«Plus on reste longtemps au chômage, plus il est pénible d’en sortir»
« Il faut voir le chômage comme un phénomène de file d’attente. Certains sont à la porte du marché du travail, d’autres en sont très éloignés, comme les chômeurs de longue durée », explique l’économiste Eric Heyer. REUTERS/Eric GaillardLe taux de chômage en Europe est revenu à son niveau d’avant-crise, mais les sans emploi de longue durée demeurent nombreux partout, inclus en France. L’économiste Eric Heyer explique ce phénomène.
Eric Heyer est économiste auprès de l’Observatoire français des conjonctures économiques (OFCE).
L’inactivité de longue durée est-il une succession de la crise ?
Plus on reste longtemps au chômage, plus il est pénible d’en sortir, et cela ne date pas de 2008. La crise a particulièrement augmenté le phénomène.

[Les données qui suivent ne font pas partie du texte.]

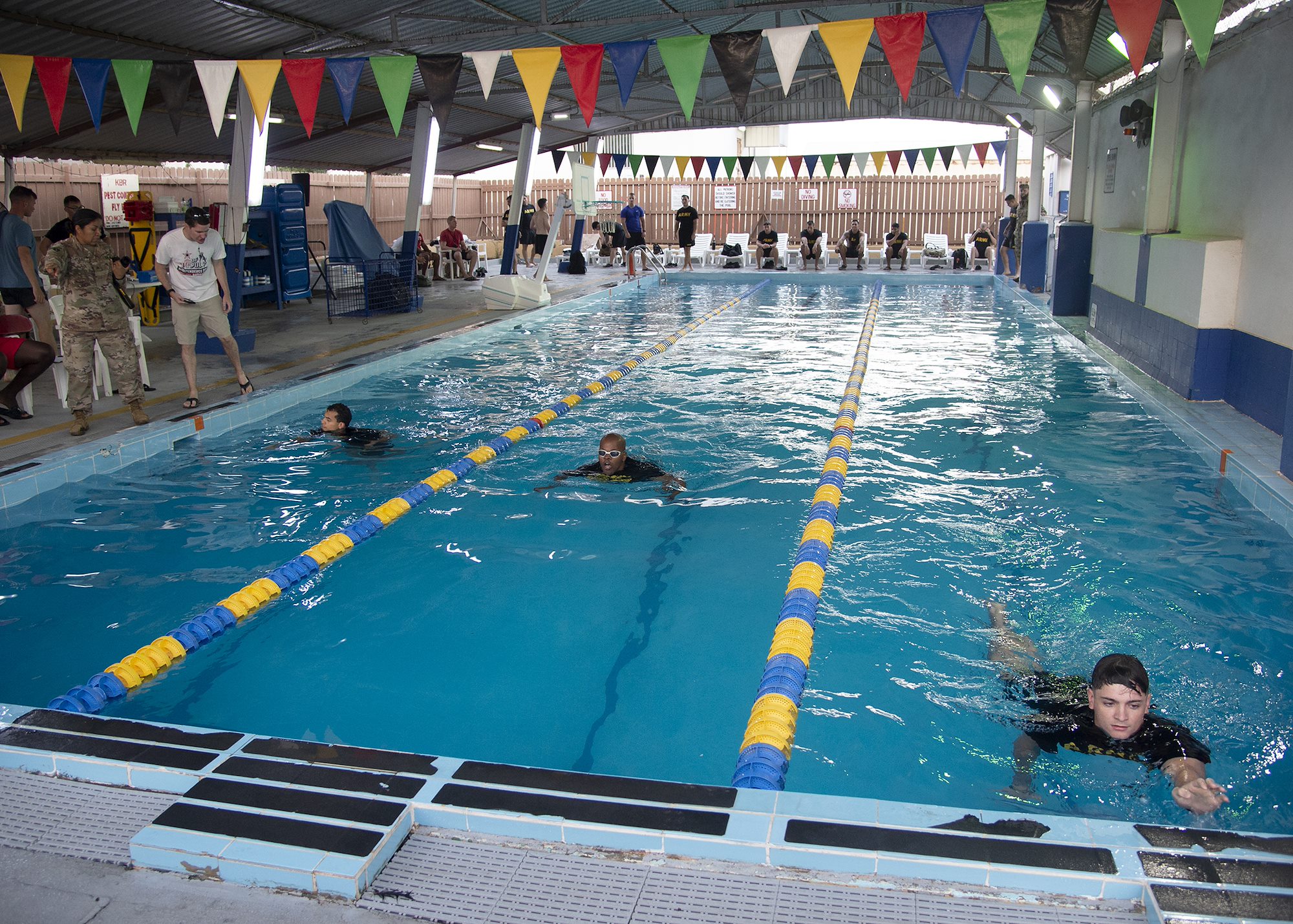 U.S. Army Soldiers from Task Force Alamo, Texas National Guard, assigned to Combined Joint Task Force-Horn of Africa (CJTF-HOA), Djibouti, compete in a swim competition for the German Armed Forces Badge (GAFB) for Military Proficiency in Djibouti, Jan. 16, 2019. The GAFB is awarded to and worn by German service members of all ranks. Allied service members may also be awarded the badge, subject to their nations' uniform regulations. (U.S. Navy photo by Mass Communication Specialist 1st Class Nick Scott)

Pendant huit ans, on a produit moins avec moins de gens. Le taux de chômage s’est augmenté, et celui de longue durée avec. La crise ayant tenu longtemps, des personnes qui étaient employables se sont retrouvées clôturées dans le repos.

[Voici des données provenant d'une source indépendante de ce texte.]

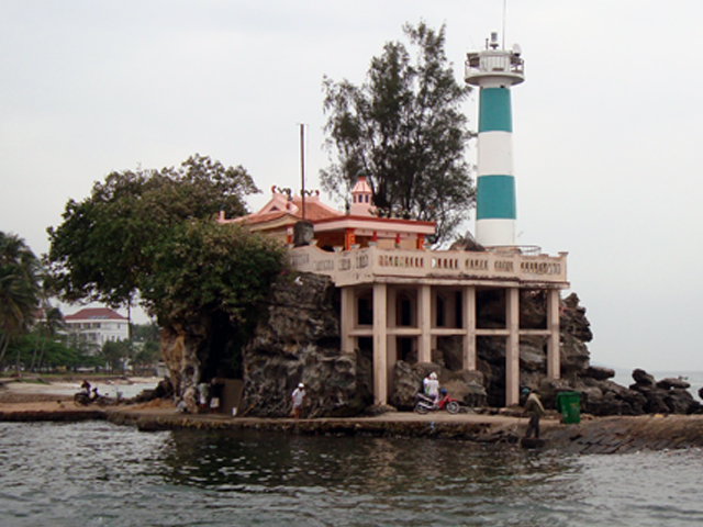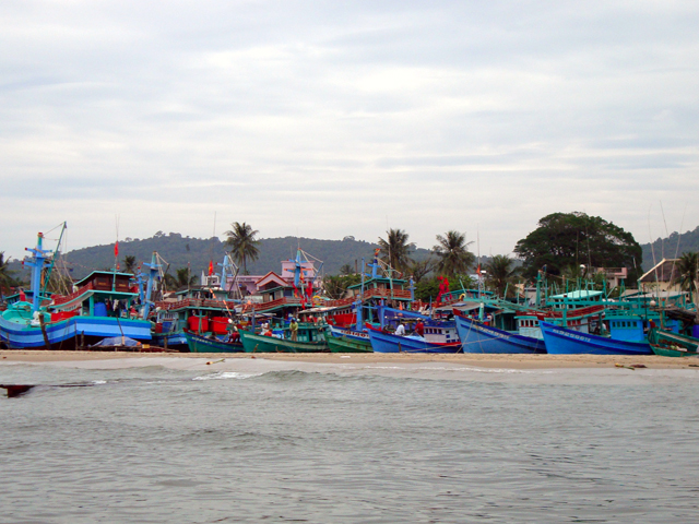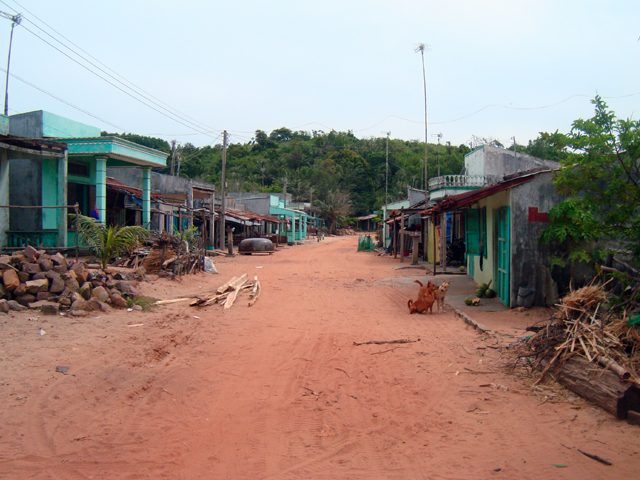 Все время едем вдоль того самого 20-километрового пляжа Long Beach. Он действительно long, но никак не wide – от трех до пяти метров шириной, а между ним и дорогой — невероятная смесь из кокосовых пальм, кактусов, лиственниц, опавших листьев, кокосов и строительного мусора. В конце концов доезжаем до южной оконечности Фу Куока — порта Ан Тхой. Ничего особенного — грязно, пара тысяч человек населения и характерная портовая вонь.
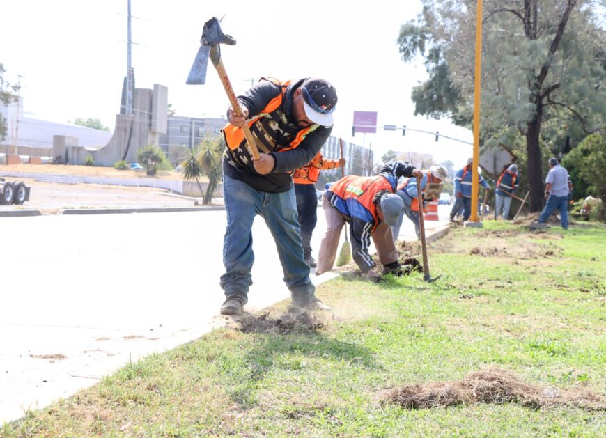 La Dirección de Parques y Jardines del Municipio de Aguascalientes, realiza labores de perfilado en camellones para crear zanjas en las orillas como parte de…
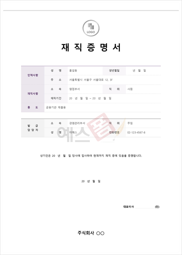 근로계약서, 거래명세서, 견적서, 사직서, 재직증명서 등
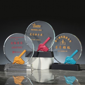 ADL 2023 New Design Round Crystal Glass Trophy Awards Star Thumb Hand Trophy Awards Three Colors Awards
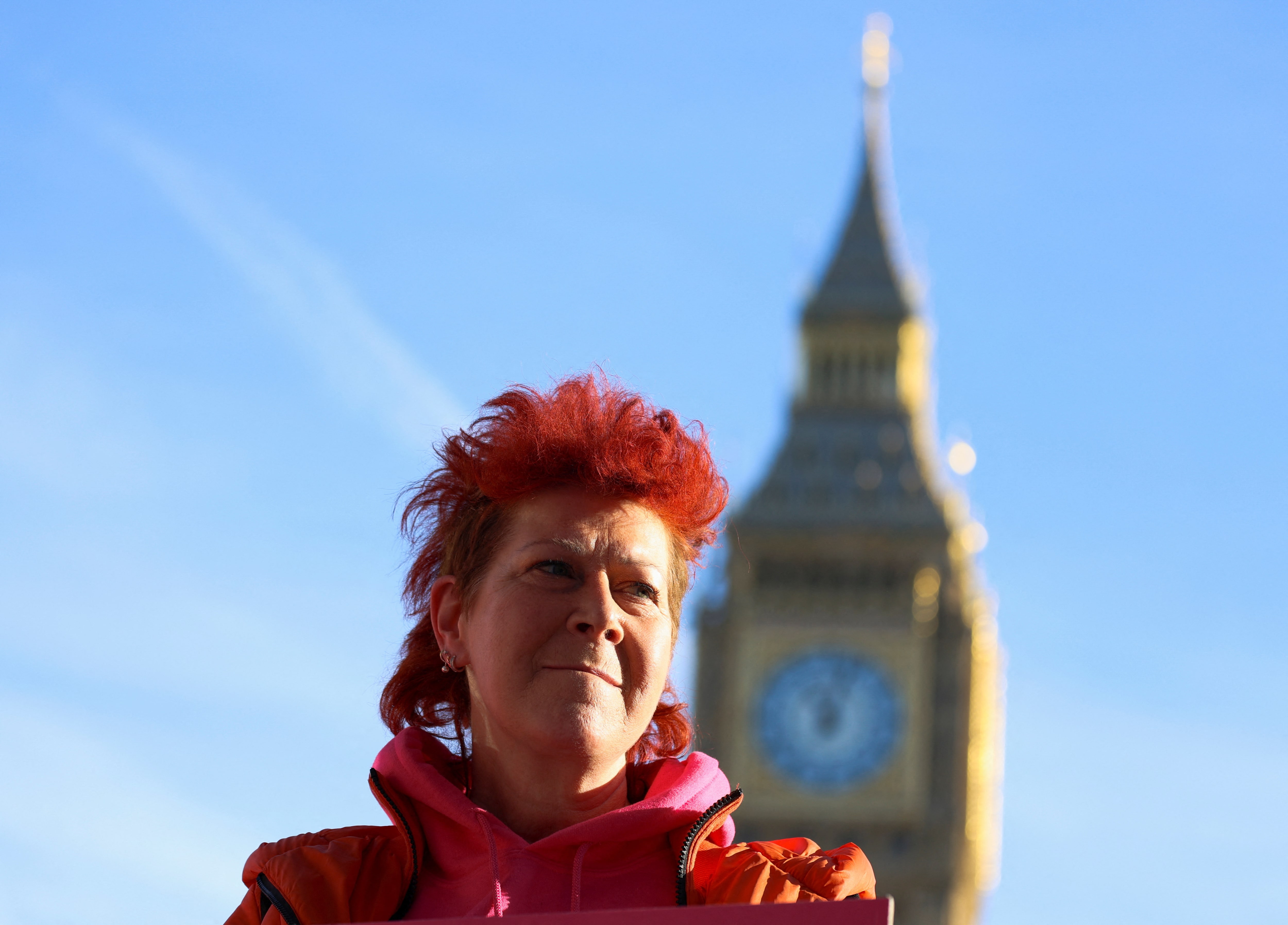 项目 1 共 3 杰妮·卡鲁瑟斯(Jenny Carruthers),一位身患绝症并支持《绝症成年人(生命终结)》法案的人,等待在国会广场,英国立法者正在辩论是否允许对绝症成年人进行协助死亡,地点:英国伦敦,日期:2024年11月29日。路透社/米娜·金(REUTERS/Mina Kim)

Est-ce une spécificité française ?
Le marché du travail s’est concentré dans la plupart des pays développés ces dix dernières années. On a créé des fonctions très qualifiés et d’autres peu qualifiés, au dommage des emplois intermédiaires. Or, c’est uniquement ce type de postes qu’occupaient beaucoup de salariés affectés par la crise : des emplois assez habituels, avec parfois un peu d’évaluation. Ce n’est pas une spécificité française.
En contrepartie, nous sommes le pays de l’OCDE (Organisation de coopération et de développement économiques) où le phénomène des NEET (not in education, employment or training, « ni étudiant, ni employé, ni stagiaire ») améliore le plus. Chaque année, environ 150 000 jeunes jaillissent du système scolaire. Selon des études du Collège de France, on saurait les pénétrer dès la maternelle dans 80 % des cas… Il y a une difficulté au niveau des dépenses d’éducation : plutôt hautes pour le secondaire et le supérieur, elles sont défectueuses dans le préprimaire et le primaire. Ça nourrit le décrochage, de même que les difficultés d’accès au logement.
Quelles politiques ont été mises en place pour diminuer le chômage de longue durée ?
Il faut voir le chômage comme un fait de file d’attente. Certains sont à la porte du marché du travail, d’autres en sont très écartés, comme les chômeurs de longue durée. Seule une forte croissance économique peut admettre à ces derniers d’accéder à l’emploi.
En France, faute d’augmentation, soit on sort les chômeurs de la file d’attente, comme à l’époque des préretraites ou des dispenses de recherche d’emploi pour les seniors, soit on la court-circuite, en créant des mécanismes de formation. Pour les jeunes, il existe depuis les années 1980 des contrats aidés, qui pointent en principe les chômeurs de longue durée. L’objectif est de leur admettre d’acheter une formation et des caractères attestées, particulièrement dans le secteur non marchand. Le problème, c’est que ces mécanismes font baisser les chiffres du chômage, mais ne sont pas continuellement bien ciblés.